Eine Fundgrube bot mir die Geschichte der Fotografie und die Erkenntnis, dass durchaus schon 1813 das wie auch immer geartete Foto hätte entstehen können.Da, wie anzunehmen ist, der Sohn des ersten Fotografen der Welt, der Sohn Joseph Nicéphore Niépces seinen Dienst, wie jeder andere gute Franzose, seinen Dienst in der Armee Napoleons tat, als Adelssproß allerdings nicht mit einer Waffe herumlaufen musste, sondern eine Apparatur seines Vaters mit sich führte.

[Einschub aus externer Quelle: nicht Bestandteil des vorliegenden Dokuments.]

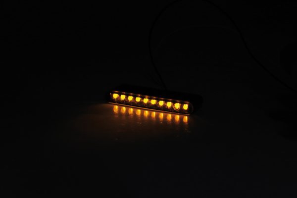 Das moderne Blinker Modul mit verbautem Lauflicht System ist zum Ein- oder Anbau geeignet. Zum Beispiel zum Einlaminieren, Einkleben oder andere Einbauvarianten in Verkleidungen. Die LED-Technik mit ihren vielen Einzellichtquellen macht es möglich: Wenn beim Blinken die einzelnen LEDs nacheinander aufleuchten, entsteht ein optischer Wischeffekt, eine Art Leuchtband von innen nach außen wie bei aktuellen PKW-Modellen. Der trendige Sequenz-Blinker mit robustem Kunststoffgehäuse und getöntem Glas ist ein echter Eyecatcher im Straßenverkehr.
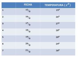 Un meteorólogo registró durante varios días la temperatura, como se refleja en la tabla

Diese frühe Camera Obscura sollte allein dem Zweck dienen, die Ruhmestaten des Kaisers in lichtbildnerischer Form festzuhalten. Anzunehmen ist weiterhin, dass das Gehäuse, in welchem das Foto entstand, den Flammen zum Opfer fiel, das Blech, auf welchem das Abbild fixiert werden sollte, aber erhalten blieb.

So könnte dieses bei der Sanierung des Grassi-Museums und des angrenzenden Friedhofsareals geborgen worden sein. Nach restauratorischer Aufarbeitung der Platte konnte sie ein verwertbares Bild zeigen. Fotografische Abzüge von einer solchen waren damals und sind es heute: noch nicht möglich. Der Standpunkt der Camera war nahe des Schlagbaumes an der alten Johanniskirche, direkt vor einer damals unversehrt gebliebenen Postmeilensäule. Der wahrscheinlichste Aufnahmezeitpunkt war der 16. Oktober 1813 zwischen 8 Uhr morgens und 18 Uhr Abends.

Noch am 16. Oktober abends glaubte Napoleon die Schlacht gewonnen und ließ die Glocken in sämtlichen Kirchen der Stadt läuten. Doch die Geschichte war noch nicht zu Ende. Napoleon verlor fast sämtliche folgenden Stellungskämpfe um und in Leipzig. Über 100.000 Soldaten auf beiden Seiten verloren ihr Leben und bildeten noch nicht den Endpunkt des Sterbens.

Nur dieses fiktive Abbild blieb erhalten, ein verschwommenes, menschenleeres, doch unverfälschtes Bild dieser Zeit, als die Fotografie ihren Kinderschuhen entwuchs.

Mit freundlichen Grüßen und der Bitte um Veröffentlichung

Joachim Rausch

Anbei eine 1:2 Fassung der Reproduktion.